NASA-IMPACT / pyQuARC

The pyQuARC tool reads and evaluates metadata records with a focus on the consistency and robustness of the metadata. pyQuARC flags opportunities to improve or add to contextual metadata information in order to help the user connect to relevant data products. pyQuARC also ensures that information common to both the data product and the file-level metadata are consistent and compatible. pyQuARC frees up human evaluators to make more sophisticated assessments such as whether an abstract accurately describes the data and provides the correct contextual information. The base pyQuARC package assesses descriptive metadata used to catalog Earth observation data products and files. As open source software, pyQuARC can be adapted and customized by data providers to allow for quality checks that evolve with their needs, including checking metadata not covered in base package.
Apache License 2.0
19 stars 0 forks source link

QuARC/pyQuARC Inconsistencies #287

Open smk0033 opened 5 months ago

smk0033 commented 5 months ago

After being informed that QuARC now pulls the most recent version of pyQuARC, some testing was done to make sure outputs were the same. Upon testing, it was noticed that there were still some inconsistencies, which have been documented here.

Fields where issues were noticed:

Along with this, I also noticed general QuARC errors at the bottom of the resulting json and how certain checks failed (I remember URLs being one of them and the Beginning/Ending Date Times).

Please double-check behind me to ensure that my results weren't potentially an error on my end.

xhagrg commented 5 months ago

@smk0033 would you be able to update the spreadsheet with proper responses to these field checks?

smk0033 commented 5 months ago

Sure! I've updated it - I think ideally QuARC is just supposed to match PyQuARC's outputs. For the first record on the list, C1576365803-LARC_ASDC, I think QuARC is technically correct for not flagging those date times, but I only highlighted them since it still didn't flag them when PyQuARC did. That may be fine then, especially since that should be fixed in PyQuARC soon!

For the other fields and records, I went ahead and put the expected output. Thanks!

smk0033 commented 5 months ago

Additionally, for record C2098746562-LARC, this was PyQuARC's output:

    >> DIF/Related_URL/URL:
            Error: A URL with a status code other than 200 has been identified: `[{'url': 'https://www.nasa.gov/feature/langley/longstanding-carbon-monoxide-measuring-instrument-mopitt-celebrated/', 'error': 'Status code 404'}]`.    
            Error: A URL with a status code other than 200 has been identified: `[{'url': 'https://www.pnas.org/content/115/20/5099', 'error': 'Status code 403'}]`.
            This often indicates a broken link. If the URL is broken, recommend revising.

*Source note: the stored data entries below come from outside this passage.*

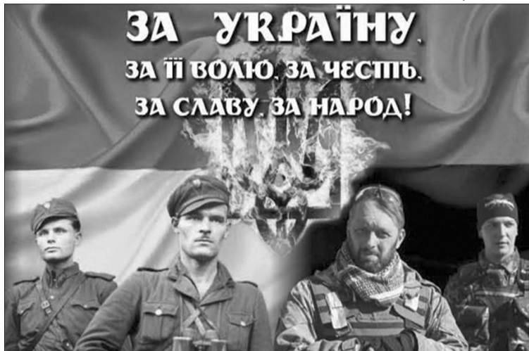
Героїчні історії вояків УПА надихнули на подвиг воїнів АТО.

Енкаведисти обережно почали переходити дорогу. І тут ми почули якийсь приглушений звук, а за ним вереск:
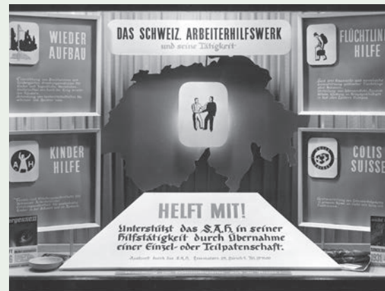
Werbeschaufenster des SAH (1946).

«Der Einsatz für sozial benachteiligte Menschen ist aufgrund der Mehrheitsverhältnisse sowie der klammen Finanzen des Kantons eine tägliche Herausforderung.»
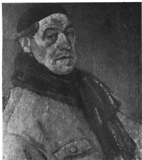
Mohi Sándor: Önarckép (olajfestmény)

It seems that the first link is broken, but the second one isn't. It seems the same for C2065183177-LARC_ASDC. PyQuARC output:

    >> RelatedUrls/URL:
            Error: A URL with a status code other than 200 has been identified: `[{'url': 'https://earthobservatory.nasa.gov/images/145494/sampling-the-castle-fire/', 'error': 'Some unknown error occurred.'}]`.
            Error: A URL with a status code other than 200 has been identified: `[{'url': 'https://agupubs.onlinelibrary.wiley.com/doi/10.1029/2022JD037758', 'error': 'Status code 403'}]`.
            This often indicates a broken link. If the URL is broken, recommend revising.

Both links do seem to work. Is this something that needs to go in its own ticket if there already isn't one opened?

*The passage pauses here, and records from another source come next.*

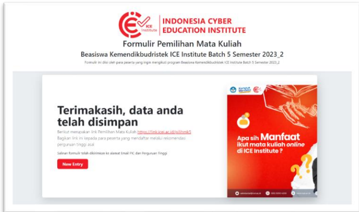
Gambar 4 Tampilan Setelah Selesai Upload Dokumen Oleh PT

rekomendasi dan pakta integritas. Setelah meng-klik submit , maka akan tampil seperti gambar 4 berikut yang berarti PT telah berhasil mendaftarkan perguruan tingginya.
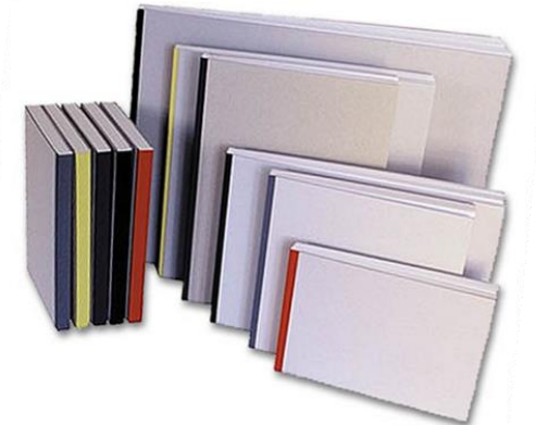
Skizzenbuch gebunden 15,0 x 12,0 cm; 4.79€ architekturbedarf.de
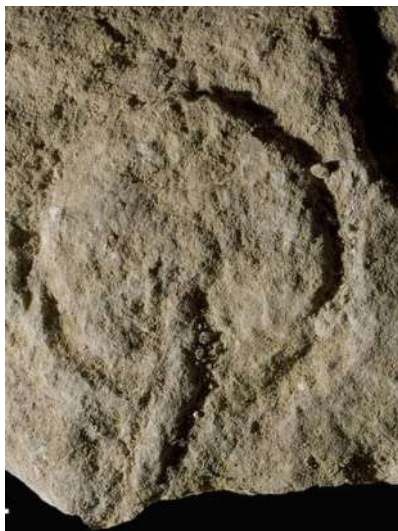
Vulvas. Abrigo de Castanet (Francia) . 37.000 años Periodo Auriniense

En la zona francesa durante la fase auriniense aparecen grabadas en abrigos rocosos numerosas muestras. Algunos ejemplos:

xhagrg commented 5 months ago

I checked, and there are some changes that have not made it's way to public release of pyQuARC. Working through the remaining PRs. Once reviewed, verified, we can merge to master branch and create a new version. This will then be pulled into quarc. We can validate then the results again then

smk0033 commented 5 months ago

Sounds great, thank you! Would you like me to go ahead and close this issue until the release and new testing?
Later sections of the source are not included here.